[Recorded data]
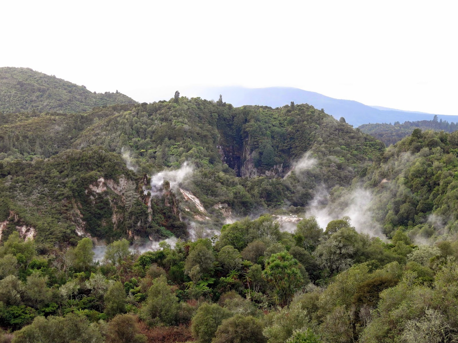 After poking around the city park, we headed half an hour south of town to visit Waimangu Valley, a steaming rift valley full of geothermal features that came into being after the 1886 eruption of Mt. Tarawera. This is now a park that you have to pay to get in, but the excellent self-guided hike that wound its way down the steaming valley was worth the price.
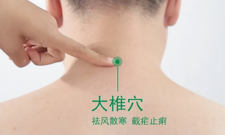 大椎穴——低头时脖子后面最突出的骨头下方就是。感觉发冷、怕风时,用手掌快速搓热这个部位,会立刻感觉一股暖流遍布全身,特别舒服。
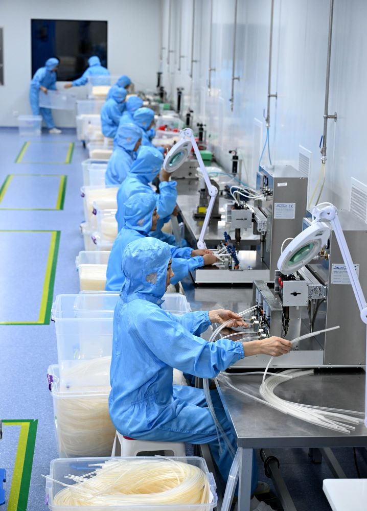 Мы своими глазами увидели все этапы технологического процесса: линию медицинской экструзии, литье под давлением, фрезеровку, сборку, упаковку и стерилизацию, которая проводится в условиях чистого производства класса Н14. Ежегодно здесь выпускают около 4,5 млн единиц продукции, в том числе все виды трубок, которые существуют в медицине, что покрывает 99% потребностей медицинских учреждений Казахстана.
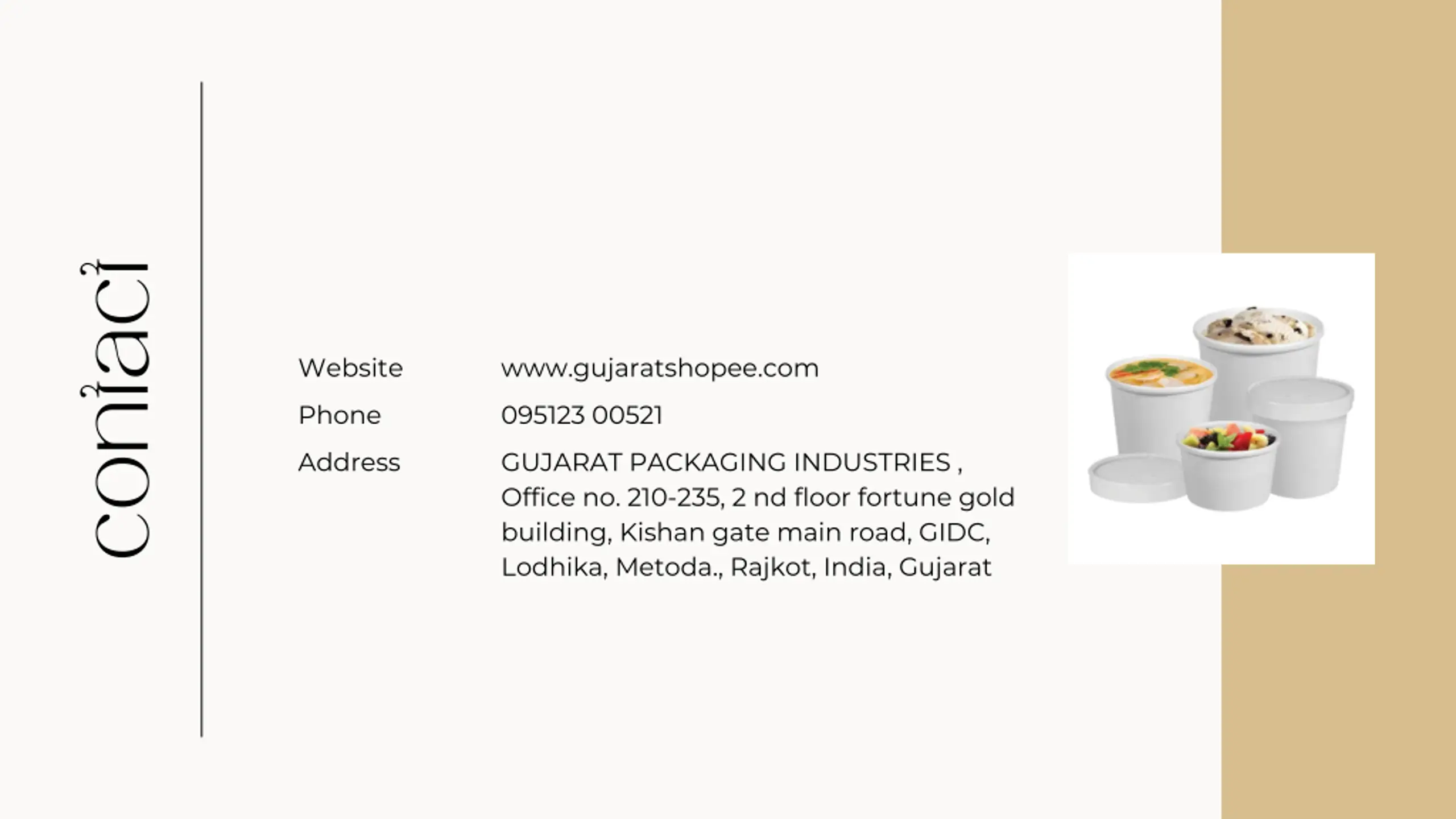 Why Choose Gujarat Shopee? At Gujarat Shopee, we are committed to providing catering businesses with the best packaging solutions. Our durable paper containers for catering large events are made from premium materials that ensure both strength and sustainability. Whether you re catering a large corporate gathering, wedding, or community event, our paper containers are designed to meet your specific needs. We offer a variety of sizes and designs, so you can find the perfect container for any dish. Plus, our products are designed with ease of use in mind, making your catering operations more efficient and less stressful. With a focus on high-quality, eco-friendly materials, Gujarat Shopee ensures that you are always equipped with the right packaging solution.
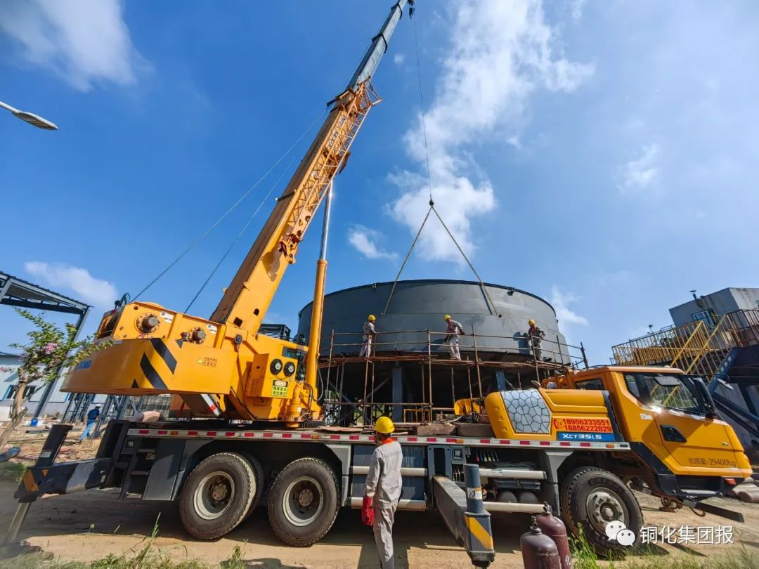 項(xiàng)目完工投用后,每年可處理選礦廢水247.5萬立方米、酸性廢水1000萬立方米,去除COD1485噸、硫化物146.03噸、重金屬錳208噸,在保障原生產(chǎn)線正常運(yùn)行的同時(shí),顯著降低相關(guān)污染物排放,實(shí)現(xiàn)外排水水質(zhì)穩(wěn)定達(dá)標(biāo),有效保護(hù)當(dāng)?shù)厮h(huán)境,環(huán)境效益和社會(huì)效益顯著。上圖為吊裝作業(yè)現(xiàn)場(chǎng)。

■ **EXERCISE AIM**:
Your copy should hold every entry exactly as written, but none of the pictures.

■ **FINISHED TASK**:
 After poking around the city park, we headed half an hour south of town to visit Waimangu Valley, a steaming rift valley full of geothermal features that came into being after the 1886 eruption of Mt. Tarawera. This is now a park that you have to pay to get in, but the excellent self-guided hike that wound its way down the steaming valley was worth the price.
 大椎穴——低头时脖子后面最突出的骨头下方就是。感觉发冷、怕风时,用手掌快速搓热这个部位,会立刻感觉一股暖流遍布全身,特别舒服。
 Мы своими глазами увидели все этапы технологического процесса: линию медицинской экструзии, литье под давлением, фрезеровку, сборку, упаковку и стерилизацию, которая проводится в условиях чистого производства класса Н14. Ежегодно здесь выпускают около 4,5 млн единиц продукции, в том числе все виды трубок, которые существуют в медицине, что покрывает 99% потребностей медицинских учреждений Казахстана.
 Why Choose Gujarat Shopee? At Gujarat Shopee, we are committed to providing catering businesses with the best packaging solutions. Our durable paper containers for catering large events are made from premium materials that ensure both strength and sustainability. Whether you re catering a large corporate gathering, wedding, or community event, our paper containers are designed to meet your specific needs. We offer a variety of sizes and designs, so you can find the perfect container for any dish. Plus, our products are designed with ease of use in mind, making your catering operations more efficient and less stressful. With a focus on high-quality, eco-friendly materials, Gujarat Shopee ensures that you are always equipped with the right packaging solution.
 項(xiàng)目完工投用后,每年可處理選礦廢水247.5萬立方米、酸性廢水1000萬立方米,去除COD1485噸、硫化物146.03噸、重金屬錳208噸,在保障原生產(chǎn)線正常運(yùn)行的同時(shí),顯著降低相關(guān)污染物排放,實(shí)現(xiàn)外排水水質(zhì)穩(wěn)定達(dá)標(biāo),有效保護(hù)當(dāng)?shù)厮h(huán)境,環(huán)境效益和社會(huì)效益顯著。上圖為吊裝作業(yè)現(xiàn)場(chǎng)。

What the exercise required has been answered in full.